(Records from a collection)
=== Section Start ===

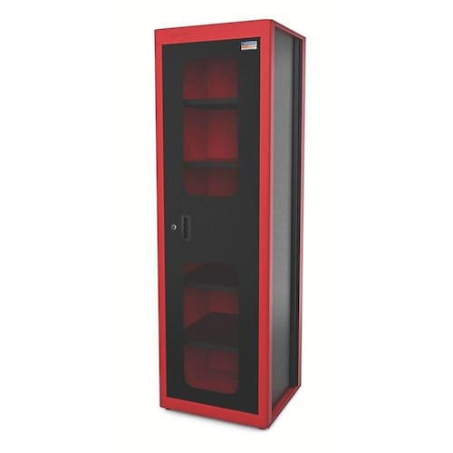 Estrutura em chapas de aço conformadas. 1 porta com abertura de 100 com visores de acrílico. Tranca para a porta. Pintura eletrostática. Capacidade de carga máxima distribuída: 200 kg. Capacidade de carga distribuída de cada prateleira: 60 kg. Espessuras das chapas do corpo, porta e prateleiras: 0,9 mm.Utilizado para armazenamento de ferramentas. Possui 5 prateleiras móveis que possibilitam diferentes configurações de montagem. Com 4 pés para regulagem de altura, para compensar irregularidades no piso. Porta com visores de acrílico que possibilita visualizar a parte interna. Capacidade de carga e resistência da estrutura comprovadas através de testes práticos.
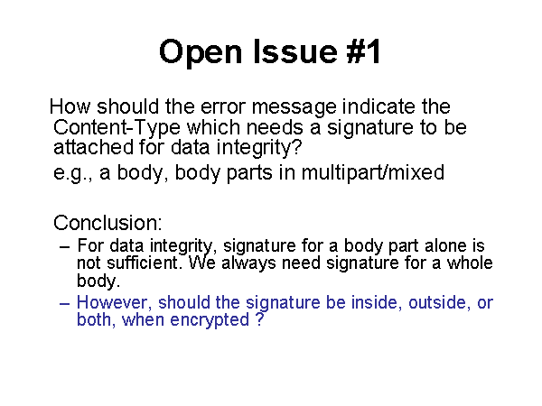 Open Issue #1 How should the error message indicate the Content-Type which needs a signature to be attached for data integrity? e.g., a body, body parts in multipart/mixed Conclusion: For data integrity, signature for a body part alone is not sufficient. We always need signature for a whole body. However, should the signature be inside, outside, or both, when encrypted ? |
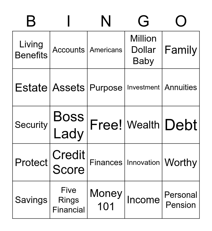 This bingo card has a free space and 34 words: Budget, Income, Tax Free, Women, Protect, Assets, Family, Savings, Accounts, Wine, Purpose, Americans, Instability, Average, Wealth, Annuities, Five Rings Financial, Security, Credit Score, Innovation, Finances, Bills, Living Benefits, Debt, Money 101, Personal Pension, Million Dollar Baby, Trust, Investment, Estate, Infinite Banking, Boss Lady, Worthy and Enough.
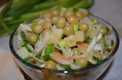 🥗 Салат с квашеной капустой и горошком 📝 Ингредиенты: Картофель (крупный) - 2 шт Капуста квашеная - 100 гр Консервированный зелёный горошек - 4 ст.л Зелёный лук - 1 небольшой пучок (или 1 репчатый
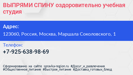 ВЫПРЯМИ СПИНУ, оздоровительно-учебная студия по адресу 123060, Россия, Москва, Маршала Соколовского, 1 в дальнейшем Организация, размещена в следующих категориях:
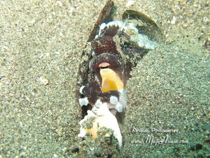 躲在破瓶子里面的小章鱼. 潜导一直拿着丁丁棒去挑逗它让它伸出头来,不过人家一般就是出来看一眼之后,就继续躲回去瓶子里面了,而且在怎么挑逗也不会上当冒头了。
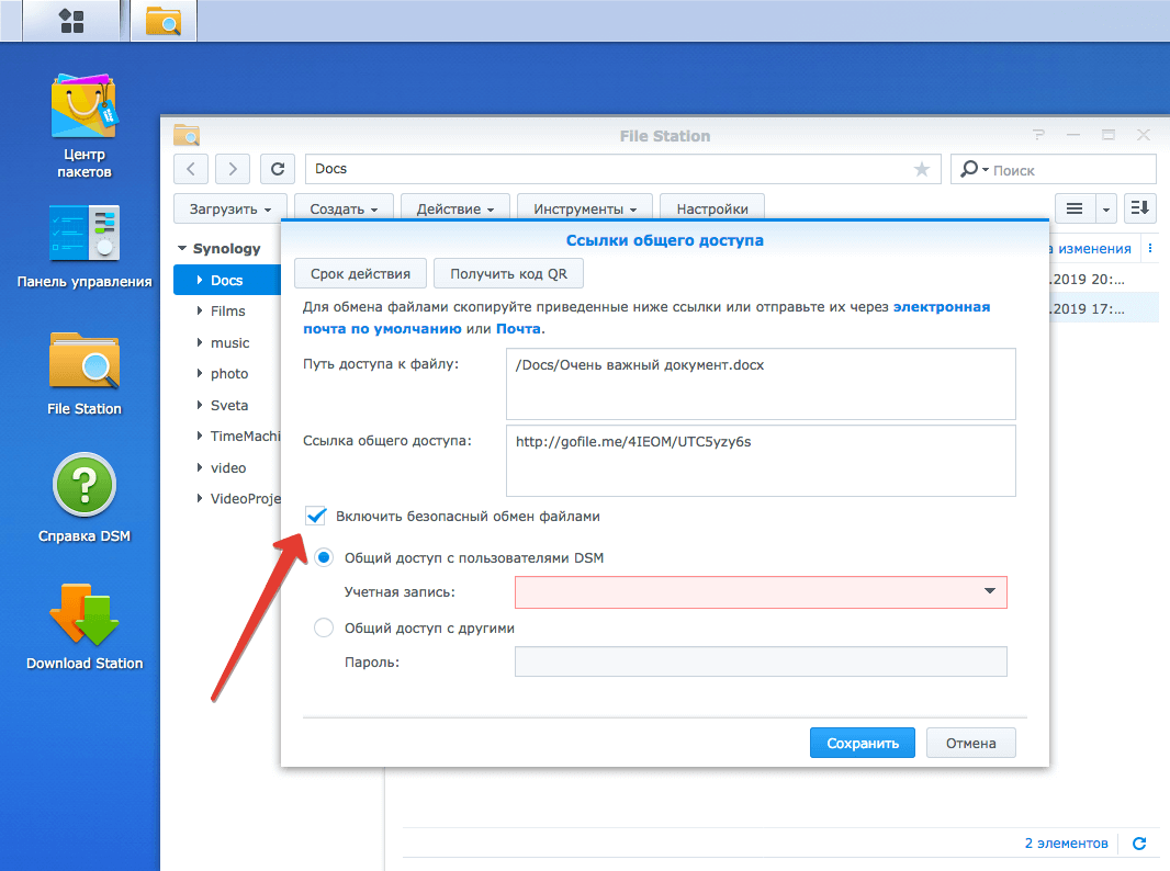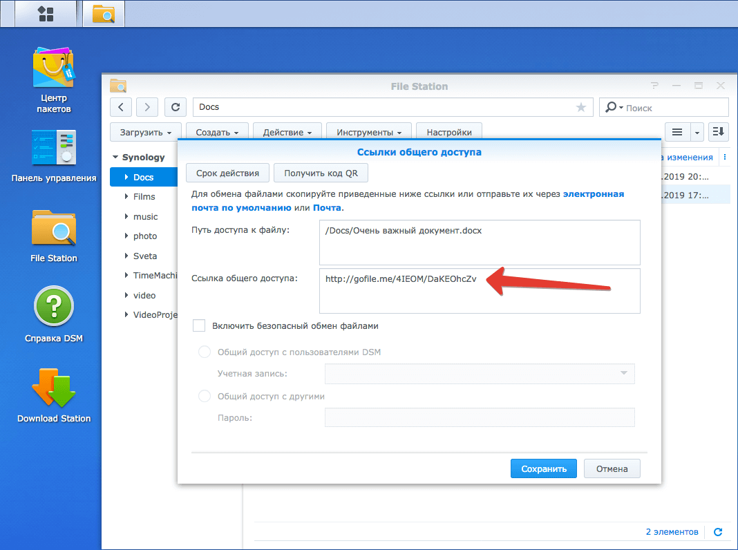 Обмен файлами на файловом хранилище с помощью службы QuickConnect
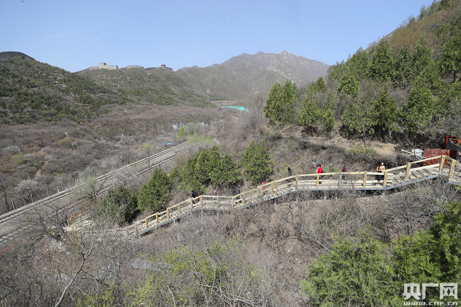 “花海栈道”和观景平台的修建既可以保障游客的人身安全,也方便游客近距离观赏“花海列车”。(央广网记者 韩靖 摄)

=== Section End ===

» **Exercise**
Please reproduce the lines exactly from the one containing "躲在破瓶子里面的小章鱼. 潜" through the last line of the data above, and keep the pictures out.

» **Answer box**
 躲在破瓶子里面的小章鱼. 潜导一直拿着丁丁棒去挑逗它让它伸出头来,不过人家一般就是出来看一眼之后,就继续躲回去瓶子里面了,而且在怎么挑逗也不会上当冒头了。
 Обмен файлами на файловом хранилище с помощью службы QuickConnect
 “花海栈道”和观景平台的修建既可以保障游客的人身安全,也方便游客近距离观赏“花海列车”。(央广网记者 韩靖 摄)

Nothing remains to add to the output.